The IterableIterator pattern

Unfortunately, the following code continues to throw an exception:

const fibonacciIterator = fibonacciProducer();

for (const value of fibonacciIterator) {
    console.log(value);
}

because fibonacciIterator is an iterator but not an iterable.

Pay attention to this fact: there is not a collection into play to be given directly to the for-of loop as we could do with the previous array.
We can only get iterators from fibonacciProducer.
This is an expected but also a wanted boundary to help you understand the IterableIterator pattern.

In fact, it may happen that we have to handle an iterator disconnected from any collection, as in the producer case, or derived from a collection that we cannot directly reach.
We could have created an iterator from a collection and we have provided only the iterator to a function: the subroutine won’t be able to directly use the collection. Another example: the collection is a private member of a class, therefore not directly accessible. However, the class provides a method that returns an iterator for that collection.

If we want to be able to use the ES6 features written for iterable with those types of iterators, we have to force them to be iterable too.

  • How? The iterator should return itself if used like an iterable:
const Iterator = {
    next() {
        return IteratorResult;
    },
    [Symbol.iterator]() {
        return this;
    }
}
  • What’s the meaning of that?
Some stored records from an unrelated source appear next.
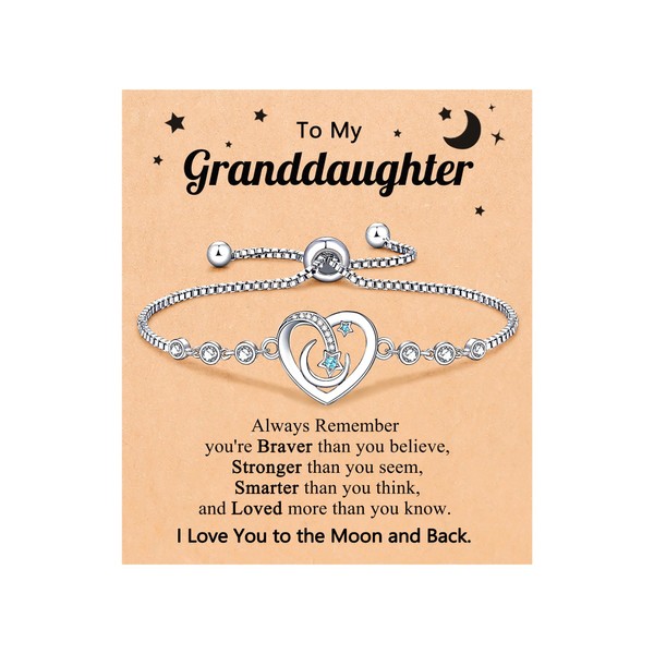 - Bracelets for Teen Girl: A beautiful heart bracelet featuring sparkling cubic zirconia, designed with moon and star that symbolizes: "I Love You to the Moon and Back." Perfect for expressing your unending love and admiration for your granddaughter.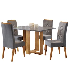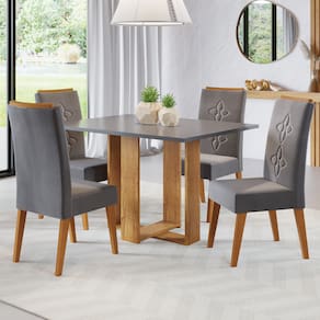 Mesa de Jantar Retangular Catedral Com 4 Cadeiras Flora em Madeira Maciça Cobre/Cinza Brilho/V.grafite - Casa Giulia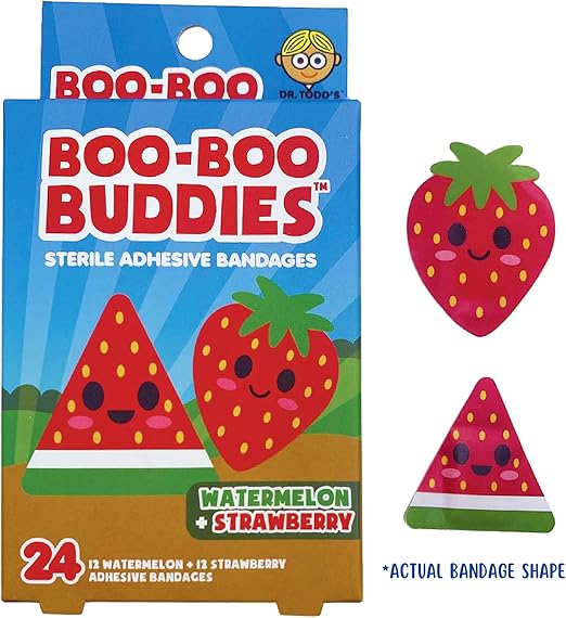 2-Pack Boo Boo Buddies Kids Bandages – Watermelon + Strawberry, Peanut Butter + Jelly Shapes | 24 Count Each | Waterproof, Latex-Free Adhesive Bandages for Sensitive Skin, First Aid Kit, Party Favors, Stock
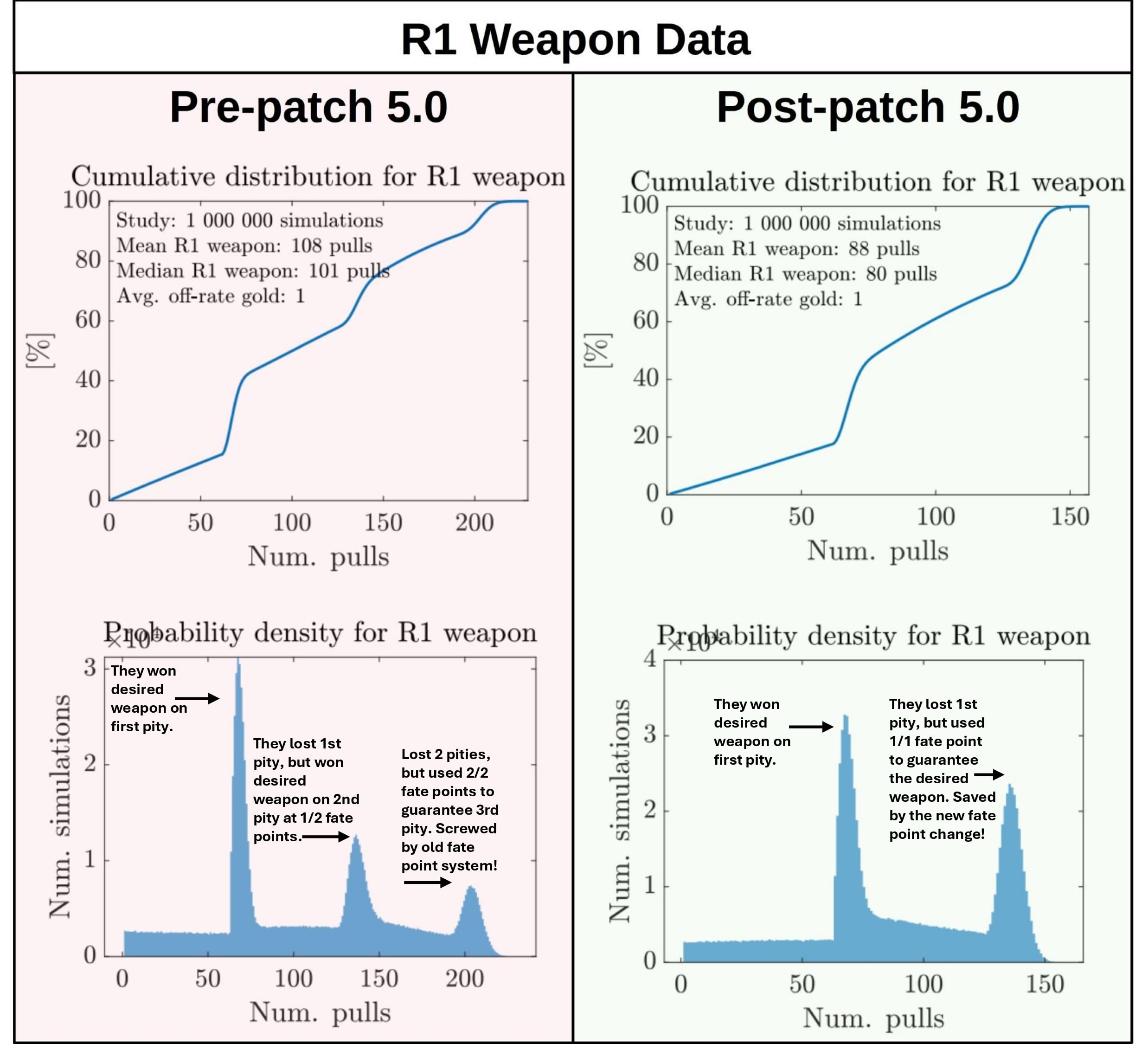 >>564259702It takes ~90 rolls for a E0S0I don't know what average for S1 is but it's 88 in genshin. It's maybe 70? In HSR? idk but that would be 160 rolls for E0S1.HSR releases 17 5*s in a year. Last year they gave 2 away so that's 15 E0S1s you'll roll + 1 S1 for the free character (Archer was free E0S1 basically).That's 2470 rolls you'll need to get. HSR gives ~940 a year + 10% rebate that's 1030 rolls. That's 1440 rolls you need to buy in a year. Welkin is ~245 rolls a year with 13 welkins aka $65. Rest is 1200 rolls.Basically you need to buy ~135 rolls every patch to get E0S1 for every 5* released.

Remember what utilities like the for-of loop do: they call the @@iterator method to get an iterator from an iterable. If the entity to which the iterator is requested is itself an iterator, it should simply return itself!

Don’t consider this point as a special case that can be forgotten.
All the iterables present by default in the language provide iterators defined with this characteristic. All the iterators that you can get with any language feature, like generators, follow this convention.
Therefore is a good idea to always implement iterators that are also iterable, even because is unlikely you know beforehand how the collections and iterators you create will be used.

Conclusion

We are at the end of the first article about Iterators and Generators.

We have learned why the iterator pattern is so important, how JavaScript wants us to implement the three interfaces (Iterable, Iterator, IteratorResult) and some useful conventions which we should adhere to.
Then we have seen an example of a default iterator provided by the language, how to use it with the most common ES6 feature and what should be done to create iterators that could be used which such features.
We also have analyzed in detail how to define custom iterable for both a custom collection and a producer.